Development of Gene Therapy for Lung Disorders

Inherited diseases of the lung such as Primary Ciliary Dyskinesia (PCD), Pulmonary Alveolar Proteinosis (PAP) and Surfactant Protein B (SPB) deficiency (SPBD) are disorders that typically present shortly after birth. The prognosis for such disorders can be poor and in some cases, such as surfactant deficiencies, the disorder is fatal, with affected children dying shortly after delivery. There has been little real interest in developing treatments within the pharmaceutical sector, probably due to the low frequency of incidence and the disparate mechanisms: PCD is caused by a defective lung membrane protein; PAP is the result of defective alveolar macrophage maturation, and SPBD is due to defective SPB secretion by type II pneumocytes. Rather than focus on multiple disease-specific drug development programmes, we are developing a single lung gene delivery platform with the potential to treat many lung disorders using gene therapy.

In order to treat cystic fibrosis, a more common lung disorder, we have developed a highly potent, third-generation, self-inactivating simian immunodeficiency viral vector. The natural viral envelope protein has been replaced with the F & HN proteins from Sendai virus facilitating highly efficient gene delivery to a wide range of lung cell types. With appropriate promoter sequences, we observe robust expression within the lung for the lifetime of experimental animals. This project aims to exploit our lentiviral lung gene delivery technology in combination wlth cell-specific promoters to direct long-lasting transgene expression. The vectors will be evaluated for the potential to reverse disease features in primary human lung cell cultures and mouse models for the treatment of lung disorders.

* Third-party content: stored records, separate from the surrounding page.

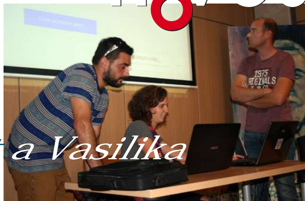
Preparant la presentació.

En aquest context, el grup mallorquí ha participat en aquest projecte en dues etapes, una durant els mesos de març i abril, i una segona en el mes de setembre, aquesta darrera vegada el grup ha sigut més nombrós, però no tots han participat els mateixos dies, s'han anat incorporant i abandonant el camp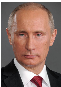
В. В. Путин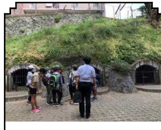
山里小学校の防空壕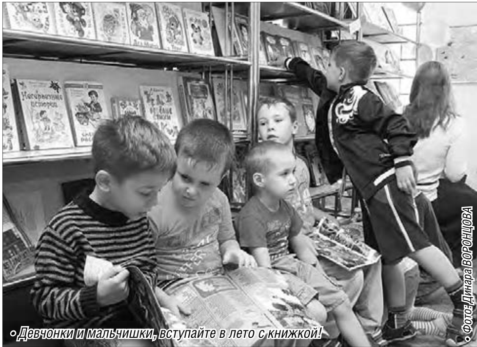
«Девчонки и мальчишки, вступайте в лето с книжкой!»

«Библиотеку под открытым небом», в которой оживут любимые сказочные персонажи. Там найдется место игре, знаниям и творчеству. Дети будут танцевать, водить хоро-воды, отвечать на вопросы познавательной викторины, участвовать в литературных конкурсах, познакомиться с выставкой новых книг. Отражением радостного настроения этого праздника станут рисунки на асфальте. Всех ребят и их родителей ждут 1 июня в 15.00 на площадке возле центральной детской библиотеки имени Кондратовской по адресу: пр. Ленина, 124.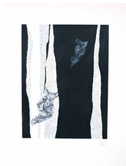
N°6 • Apparition I • Gravure 62 x 82 cm • 370€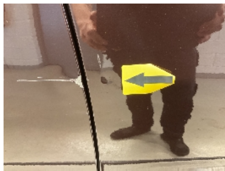
23. Lakk / karosseri utvendig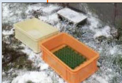
消石灰の散布や踏込消毒槽の 設置による消毒の徹底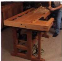
8 Die Grundausstattung der Werkstatt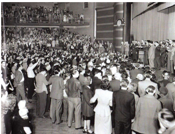
Fila di preghiera durante una riunione di William Branham a Kansas City — Aprile 1948

«Una ventina di malati è passata sul palco ieri sera ed affermano di essere stati guariti dalle differenti malattie dopo che il signor Branham ha fatto una breve preghiera con loro. L'uditorio era commosso. Molte persone avevano le lacrime agli occhi e muovevano le labbra come se stessero pregando. Delle madri singhiozzavano cullando dei bambini agitati nelle loro braccia. Una ragazza venuta da Mobile (Arkansas) ha detto che soffriva di strabismo finché è salita sul palco ieri sera, ma che da quando il fratello Branham ha pregato per lei, i suoi occhi sono diventati normali. Un'altra donna ha alzato la mano per dire che un gozzo era appena sparito dal suo collo. Disse che soffriva di questo gozzo da anni e che un anno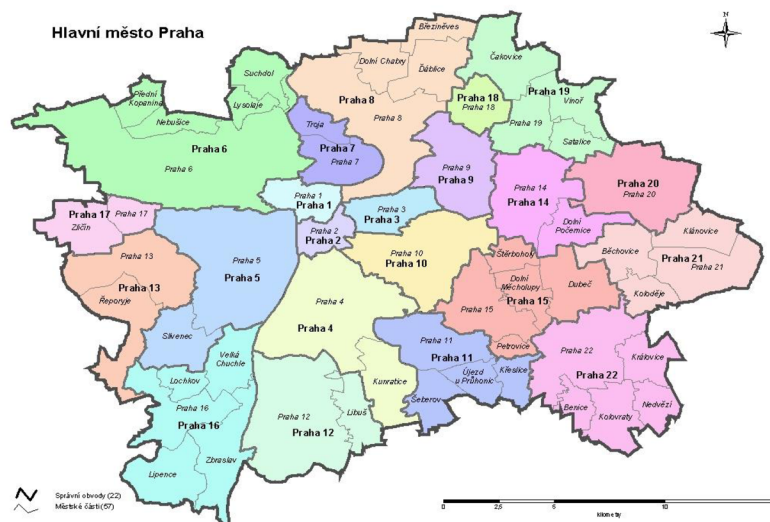
Obrázek č. 2 – Územní obvody hl. m. Prahy

The project will be based in the Gene Medicine Research Group in the John Radcliffe Hospital [www.genemedresearch.ox.ac.uk]. The group is expert in the development of gene therapy for lung diseases, and has experience in conducting clinical gene therapy trials, exposing students to all aspects of translational research.

The student will receive training in techniques such as: molecular biology, cell culture, microscopy & imaging, protein characterisation along with virus production/purification and functional evaluation, PCR, FACS, Western blotting, immunocytochemistry, ELISA, Quantitative (RT)-PCR, lentivirus production, & Tangential Flow Filtration (TFF) methods.

The student is encouraged to attend the weekly Methods & Techniques training course based in the nearby Weatherall Institute of Molecular Medicine, as well as internal and guest speaker programmes. All students are expected to participate in training workshops within Oxford University Medical Sciences Division focusing on generic and transferable skills for career progression, including scientific writing and presentation skills, ethics, intellectual property and statistics.